IEEE Trans Biomed Eng. 2024 Jan;71(1):14-25. doi: 10.1109/TBME.2023.3290541. Epub 2023 Dec 22.
Deep learning classifiers provide the most accurate means of automatically diagnosing diabetic retinopathy (DR) based on optical coherence tomography (OCT) and its angiography (OCTA). The power of these models is attributable in part to the inclusion of hidden layers that provide the complexity required to achieve a desired task. However, hidden layers also render algorithm outputs difficult to interpret. Here we introduce a novel biomarker activation map (BAM) framework based on generative adversarial learning that allows clinicians to verify and understand classifiers' decision-making.
A data set including 456 macular scans were graded as non-referable or referable DR based on current clinical standards. A DR classifier that was used to evaluate our BAM was first trained based on this data set. The BAM generation framework was designed by combing two U-shaped generators to provide meaningful interpretability to this classifier. The main generator was trained to take referable scans as input and produce an output that would be classified by the classifier as non-referable. The BAM is then constructed as the difference image between the output and input of the main generator.
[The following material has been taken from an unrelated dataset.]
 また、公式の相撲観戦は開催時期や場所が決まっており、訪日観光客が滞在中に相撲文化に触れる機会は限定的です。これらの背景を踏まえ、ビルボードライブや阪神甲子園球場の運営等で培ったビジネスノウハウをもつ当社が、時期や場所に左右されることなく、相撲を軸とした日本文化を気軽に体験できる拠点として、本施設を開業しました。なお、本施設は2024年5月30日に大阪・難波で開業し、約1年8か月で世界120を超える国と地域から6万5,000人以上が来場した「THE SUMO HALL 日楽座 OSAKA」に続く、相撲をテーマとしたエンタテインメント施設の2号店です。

To ensure that the BAM only highlights classifier-utilized biomarkers an assistant generator was trained to do the opposite, producing scans that would be classified as referable by the classifier from non-referable scans.
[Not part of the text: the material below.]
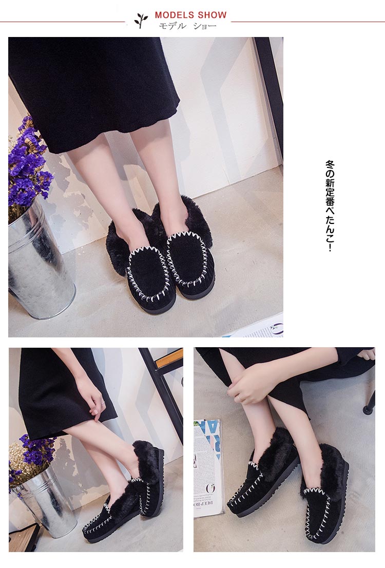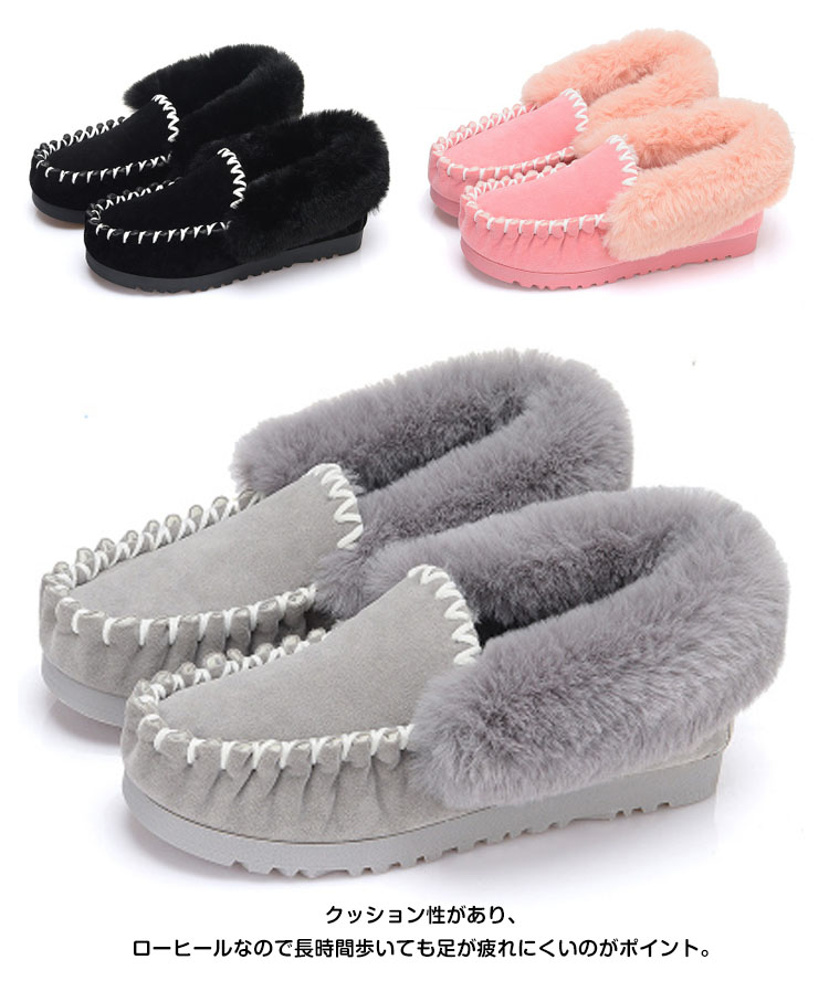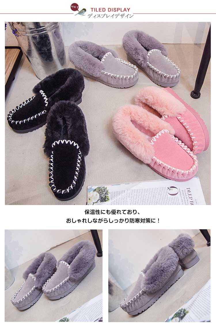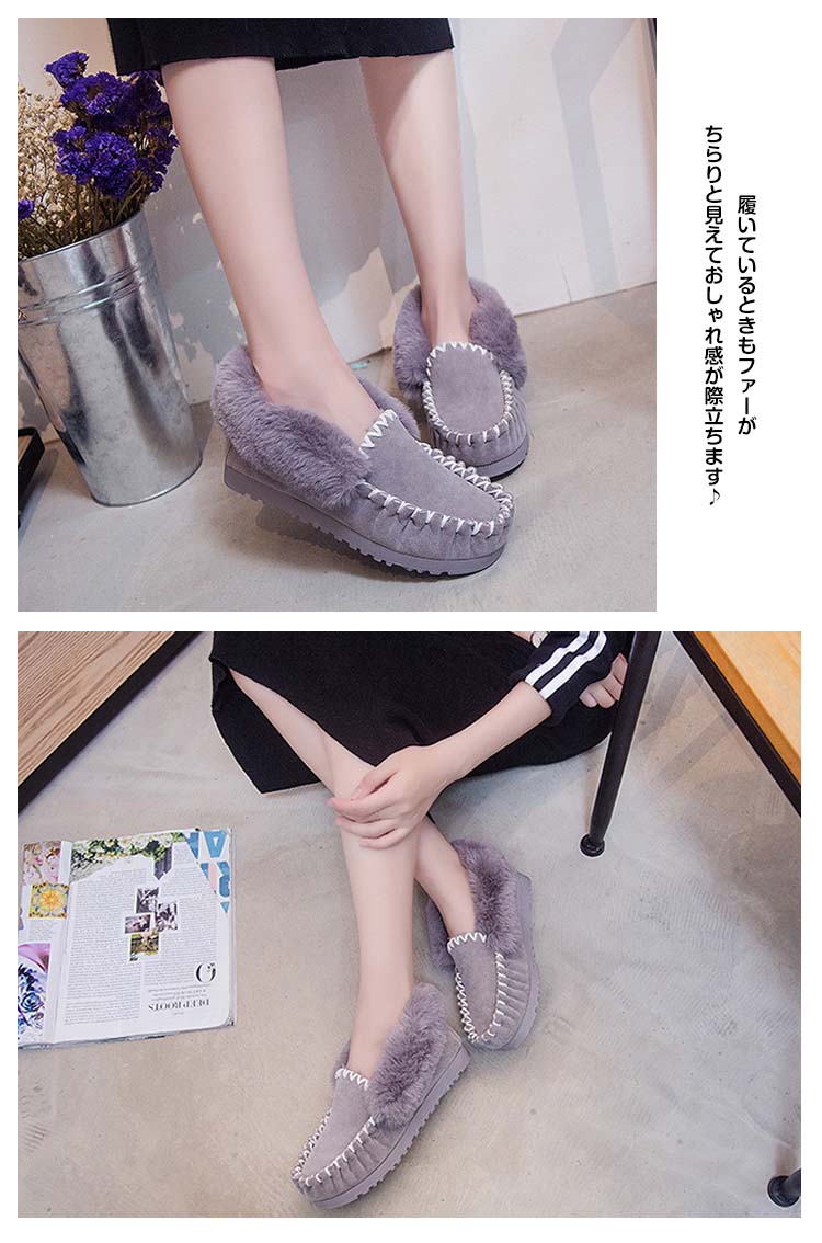 | 冬の新定番ぺたんこ!ふわっふわのボアを敷き詰めた歩きやすくコーディネートもしやすいムートンモカシンシューズが登場!履いているときもファーがちらりと見えておしゃれ感が際立ちます♪保温性にも優れており、おしゃれしながらしっかり防寒対策に!クッション性があり、ローヒールなので長時間歩いても足が疲れにくいのがポイント。 | |

The generated BAMs highlighted known pathologic features including nonperfusion area and retinal fluid.
CONCLUSION/SIGNIFICANCE: A fully interpretable classifier based on these highlights could help clinicians better utilize and verify automated DR diagnosis.
基于光学相干断层扫描(OCT)及其血管造影(OCTA),深度学习分类器为自动诊断糖尿病视网膜病变(DR)提供了最准确的方法。这些模型的强大功能部分归因于隐藏层的包含,这些隐藏层提供了实现预期任务所需的复杂性。然而,隐藏层也使得算法输出难以解释。在这里,我们引入了一种基于生成对抗学习的新生物标志物激活图(BAM)框架,该框架允许临床医生验证和理解分类器的决策。
一个包含 456 个黄斑扫描的数据集根据当前临床标准被评为非可转诊或可转诊 DR。首先基于该数据集训练用于评估我们 BAM 的 DR 分类器。BAM 生成框架通过结合两个 U 形生成器来设计,为该分类器提供有意义的可解释性。主生成器被训练为以可转诊扫描为输入,并生成输出,该输出将被分类器分类为不可转诊。然后,BAM 构造为主生成器的输出和输入之间的差异图像。为了确保 BAM 仅突出显示分类器使用的生物标志物,训练了一个辅助生成器来执行相反的操作,从不可转诊的扫描中生成可被分类器分类为可转诊的扫描。
生成的 BAM 突出显示了已知的病理特征,包括无灌注区和视网膜积液。
结论/意义:基于这些亮点的完全可解释分类器可以帮助临床医生更好地利用和验证自动 DR 诊断。